> **EXTRACTED INFORMATION**

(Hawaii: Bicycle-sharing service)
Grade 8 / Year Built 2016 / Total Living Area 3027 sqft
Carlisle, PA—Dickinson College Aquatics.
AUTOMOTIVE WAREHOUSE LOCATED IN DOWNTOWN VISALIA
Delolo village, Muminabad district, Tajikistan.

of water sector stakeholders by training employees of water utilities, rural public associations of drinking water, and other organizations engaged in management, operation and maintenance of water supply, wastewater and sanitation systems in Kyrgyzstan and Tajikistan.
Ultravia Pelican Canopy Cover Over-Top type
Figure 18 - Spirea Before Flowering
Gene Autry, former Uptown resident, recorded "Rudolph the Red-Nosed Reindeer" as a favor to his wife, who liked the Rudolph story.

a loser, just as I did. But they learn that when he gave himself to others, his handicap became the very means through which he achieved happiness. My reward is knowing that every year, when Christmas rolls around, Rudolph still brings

* * *

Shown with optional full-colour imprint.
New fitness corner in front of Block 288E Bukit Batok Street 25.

> **AIM OF THE TASK**
Quote the data above from the line containing "Ultravia Pelican Canopy Cover Over-Top type" to the line containing "a loser, just", inclusive, and stop.

> **EXERCISE OUTPUT**
Ultravia Pelican Canopy Cover Over-Top type
Figure 18 - Spirea Before Flowering
Gene Autry, former Uptown resident, recorded "Rudolph the Red-Nosed Reindeer" as a favor to his wife, who liked the Rudolph story.

a loser, just as I did. But they learn that when he gave himself to others, his handicap became the very means through which he achieved happiness. My reward is knowing that every year, when Christmas rolls around, Rudolph still brings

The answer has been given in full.